In addition to working with emotions, there are other important factors in helping to find a sense of who you are and what you want to do. Please look over the following in addition to discovering your emotional truth. It is very important to remember that if anything on this list is difficult for you to do, there may be a hidden emotional truth against doing it. If so, try adapting the discovery exercises above to learn about this emotional truth, or click schedule a session to get help from a therapist.

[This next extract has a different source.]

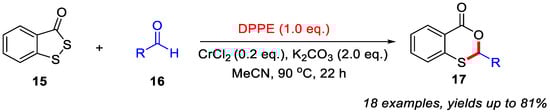 In addition, they also demonstrated that the use of CrCl2 and K2CO3 could enhance the yields of 4H-benzo[d][1,3]oxathiin-4-ones 17 when different aldehydes were employed to react with benzo[c][1,2]dithiol-3-one 15 through a DEEP-mediated skeletal editing strategy (Scheme 8). In the absence of CrCl2 and K2CO3, only a trace amount of the desired product was obtained. In this transformation, CrCl2 served as a reaction accelerator, while K2CO3 functioned as the base [40].

  • Make a list of all the things that bring you joy and happiness. Try to spend more of your time with those things.
  • Spend some time jounraling about what you would do if food and rent were free. How would you spend your time?
  • Think of a jobs that allow you to do the things you love from those lists.
  • Get enough sleep, eat right, find some support (like a friend or group). Some people do not want to burden their friends with their troubles. Going to a support group is a good solution to this situation. You might try AA, CODA, or Depression Anonymous.
  • Stop drinking alcohol if you can. If you can’t, try going to AA. It has a depressive effect on your brain.
  • Get enough sunlight and exercise. They have been shown to be as effective as many forms of therapy at improving mood.
  • Practicing deep breathing for 10-20 minutes each day can help you to become clearer about your identity and life direction. Find a safe, calm place, sit comfortably, and take deep slow breaths. Try to concentrate on the sensation of breathing in your nose, chest or belly. You will soon find yourself lost in thoughts and worries, and when you do, congratulate yourself for having noticed that your mind wandered. Then go back to the breathing.
  • You may want to practice sending yourself love and compassion for 10-20 minutes a day. Find a safe, calm place, sit comfortably, and take deep slow breaths. Now say to yourself, "May you be safe. May you be loved. May you be healthy. May you be peaceful." Repeat these over and over again, just knowing that you want good things for yourself. You can also try sending these wishes to others.
  • If you are feeling suicidal, click here.

 

 

This site is maintained by Tim Desmond, MFTI 51287 :: Supervised by Bruce Ecker, MFC 21355
copyright © 2007 Tim Desmond, MA. Last updated 31March2007.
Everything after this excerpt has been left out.